Очень может быть, что где-то во внутренних покоях, граница которых — на замке, пребывает, по Лосеву, и Бог. Не видящий уже никакого смысла откликаться на беспрерывные мольбы и призывы, исходящие главным образом от трусов и пошляков. Не открою Америки, если скажу, что все поэты делятся на две категории: одни в неведомую точку, обозначаемую Божьим именем, помещают возлюбленную (возлюбленного, партнера), другие — экстраполируют несколько усовершенствованного себя. Первые предъявляют претензии, умоляют, изобличают. Вторым присуще кроткое, но несколько брезгливое жизнеприятие. Лосев — из вторых.

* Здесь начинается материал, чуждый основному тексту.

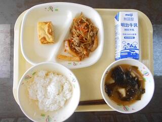今日の給食は、大嘗祭記念給食で、ご飯(とちぎの星)、牛乳 、厚焼き卵、五目きんぴら、じゃが芋とわかめの味噌汁です。高根沢町で生産された物は、みそ、たまねぎ、こめです。今日もたいへんおいしく頂きました。

Любопытно, что словесность играет в мировоззрении Лосева роль настолько ключевую, что и тоска по родной Империи вытесняется тоской по Бродскому, грусть по стране — с грустью по ее лучшему поэту (тоже довольно тоталитарному по сути своей, что заметил — без всякого осуждения — тот же Кушнер: «Счастье, что он пишет стихи, а не правит Римом»). Но даже обожествляемая словесность никоим образом не способна изменить мир, она, строго говоря, и не участвует в нем, — есть у Лосева замечательное стихотворение о Булгарине — о том, как даже самые жалящие инвективы проходят мимо живого, полнокровного и вполне довольного адресата, который своему Ювеналу еще и некролог напишет. Одним словом, поражение и бегство на всех фронтах.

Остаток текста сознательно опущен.